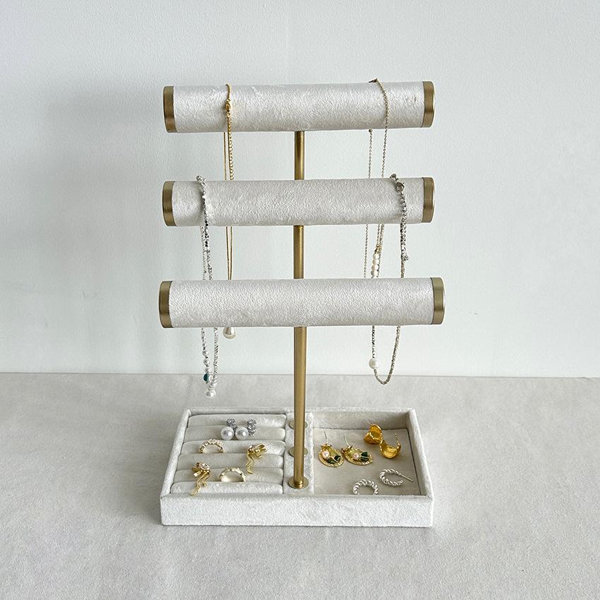 Soporte de Exhibición de Joyería Multifuncional de Cuatro Capas de Terciopelo Blanco de Venta Caliente Transfronterizo
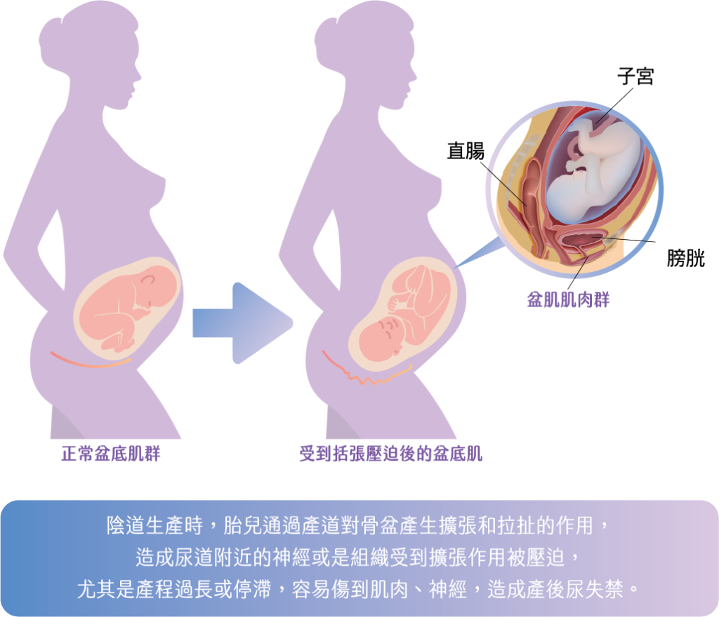 – 生產時,胎兒經過產道,骨盆底肌會被過度伸展甚至撕裂,造成肌肉張力下降。
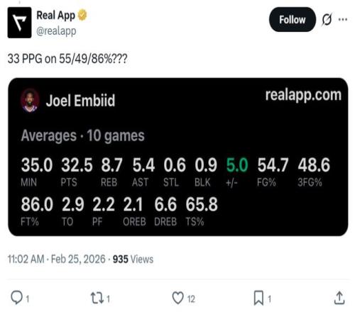 恩比德再一次用行动证明,伤病是唯一能够阻碍他的因素,只要能够健康登场,他依旧是这个联盟中最好的内线球员之一。
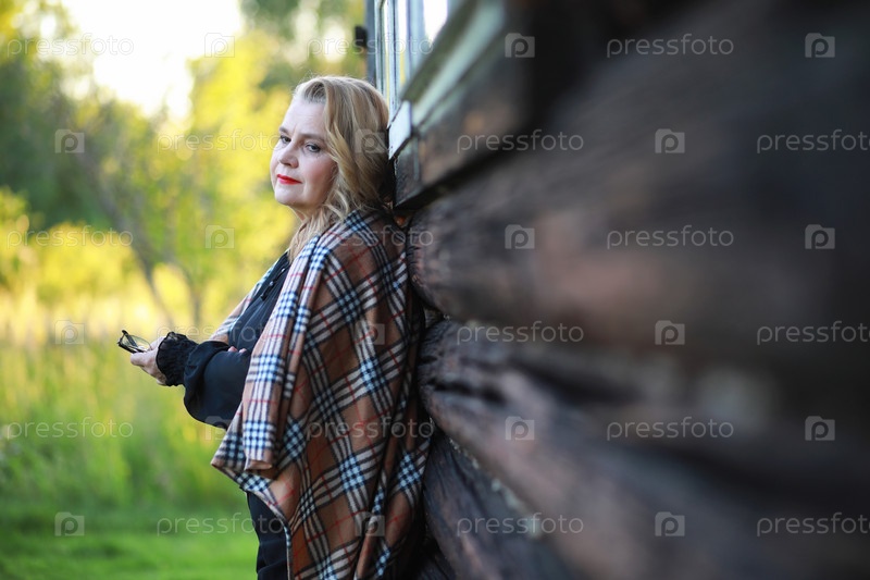 Пожилая женщина на крыльце дома

## Task
Exclude every picture and copy the remaining data exactly.

## Solution to this problem
 Soporte de Exhibición de Joyería Multifuncional de Cuatro Capas de Terciopelo Blanco de Venta Caliente Transfronterizo
 – 生產時,胎兒經過產道,骨盆底肌會被過度伸展甚至撕裂,造成肌肉張力下降。
 恩比德再一次用行动证明,伤病是唯一能够阻碍他的因素,只要能够健康登场,他依旧是这个联盟中最好的内线球员之一。
 Пожилая женщина на крыльце дома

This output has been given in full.